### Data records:

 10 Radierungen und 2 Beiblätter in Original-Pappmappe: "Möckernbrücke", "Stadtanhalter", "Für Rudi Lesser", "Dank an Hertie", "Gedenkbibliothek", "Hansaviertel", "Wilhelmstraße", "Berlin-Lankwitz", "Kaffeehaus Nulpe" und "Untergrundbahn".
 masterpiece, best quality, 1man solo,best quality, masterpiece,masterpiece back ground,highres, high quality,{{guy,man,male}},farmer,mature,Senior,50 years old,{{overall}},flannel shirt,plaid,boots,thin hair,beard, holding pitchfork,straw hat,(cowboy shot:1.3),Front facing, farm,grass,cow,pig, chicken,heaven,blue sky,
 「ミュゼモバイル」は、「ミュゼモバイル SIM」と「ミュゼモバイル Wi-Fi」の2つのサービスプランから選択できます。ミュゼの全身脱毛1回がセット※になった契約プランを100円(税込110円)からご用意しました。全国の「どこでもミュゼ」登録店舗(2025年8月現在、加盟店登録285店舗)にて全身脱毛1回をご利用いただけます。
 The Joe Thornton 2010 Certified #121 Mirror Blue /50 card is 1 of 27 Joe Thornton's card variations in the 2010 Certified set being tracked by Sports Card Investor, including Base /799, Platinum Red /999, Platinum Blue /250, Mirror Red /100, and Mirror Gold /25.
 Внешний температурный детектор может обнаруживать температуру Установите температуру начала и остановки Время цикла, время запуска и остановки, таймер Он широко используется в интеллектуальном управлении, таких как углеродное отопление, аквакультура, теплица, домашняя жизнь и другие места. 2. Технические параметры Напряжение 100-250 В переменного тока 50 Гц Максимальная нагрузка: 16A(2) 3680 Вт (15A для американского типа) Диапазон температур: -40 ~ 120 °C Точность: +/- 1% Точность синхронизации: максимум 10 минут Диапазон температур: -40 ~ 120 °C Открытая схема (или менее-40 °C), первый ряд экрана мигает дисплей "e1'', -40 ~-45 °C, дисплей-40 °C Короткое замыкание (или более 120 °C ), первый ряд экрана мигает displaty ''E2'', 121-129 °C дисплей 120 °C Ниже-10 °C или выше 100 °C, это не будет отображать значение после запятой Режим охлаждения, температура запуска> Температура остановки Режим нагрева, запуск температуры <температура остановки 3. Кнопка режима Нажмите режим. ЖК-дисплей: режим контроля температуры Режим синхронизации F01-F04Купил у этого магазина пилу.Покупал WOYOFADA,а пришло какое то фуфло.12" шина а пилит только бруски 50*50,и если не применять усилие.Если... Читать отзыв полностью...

### TASK DETAILS:
Nothing in the records should be left out; write all of them out again exactly.

### WRITTEN ANSWER:
 10 Radierungen und 2 Beiblätter in Original-Pappmappe: "Möckernbrücke", "Stadtanhalter", "Für Rudi Lesser", "Dank an Hertie", "Gedenkbibliothek", "Hansaviertel", "Wilhelmstraße", "Berlin-Lankwitz", "Kaffeehaus Nulpe" und "Untergrundbahn".
 masterpiece, best quality, 1man solo,best quality, masterpiece,masterpiece back ground,highres, high quality,{{guy,man,male}},farmer,mature,Senior,50 years old,{{overall}},flannel shirt,plaid,boots,thin hair,beard, holding pitchfork,straw hat,(cowboy shot:1.3),Front facing, farm,grass,cow,pig, chicken,heaven,blue sky,
 「ミュゼモバイル」は、「ミュゼモバイル SIM」と「ミュゼモバイル Wi-Fi」の2つのサービスプランから選択できます。ミュゼの全身脱毛1回がセット※になった契約プランを100円(税込110円)からご用意しました。全国の「どこでもミュゼ」登録店舗(2025年8月現在、加盟店登録285店舗)にて全身脱毛1回をご利用いただけます。
 The Joe Thornton 2010 Certified #121 Mirror Blue /50 card is 1 of 27 Joe Thornton's card variations in the 2010 Certified set being tracked by Sports Card Investor, including Base /799, Platinum Red /999, Platinum Blue /250, Mirror Red /100, and Mirror Gold /25.
 Внешний температурный детектор может обнаруживать температуру Установите температуру начала и остановки Время цикла, время запуска и остановки, таймер Он широко используется в интеллектуальном управлении, таких как углеродное отопление, аквакультура, теплица, домашняя жизнь и другие места. 2. Технические параметры Напряжение 100-250 В переменного тока 50 Гц Максимальная нагрузка: 16A(2) 3680 Вт (15A для американского типа) Диапазон температур: -40 ~ 120 °C Точность: +/- 1% Точность синхронизации: максимум 10 минут Диапазон температур: -40 ~ 120 °C Открытая схема (или менее-40 °C), первый ряд экрана мигает дисплей "e1'', -40 ~-45 °C, дисплей-40 °C Короткое замыкание (или более 120 °C ), первый ряд экрана мигает displaty ''E2'', 121-129 °C дисплей 120 °C Ниже-10 °C или выше 100 °C, это не будет отображать значение после запятой Режим охлаждения, температура запуска> Температура остановки Режим нагрева, запуск температуры <температура остановки 3. Кнопка режима Нажмите режим. ЖК-дисплей: режим контроля температуры Режим синхронизации F01-F04Купил у этого магазина пилу.Покупал WOYOFADA,а пришло какое то фуфло.12" шина а пилит только бруски 50*50,и если не применять усилие.Если... Читать отзыв полностью...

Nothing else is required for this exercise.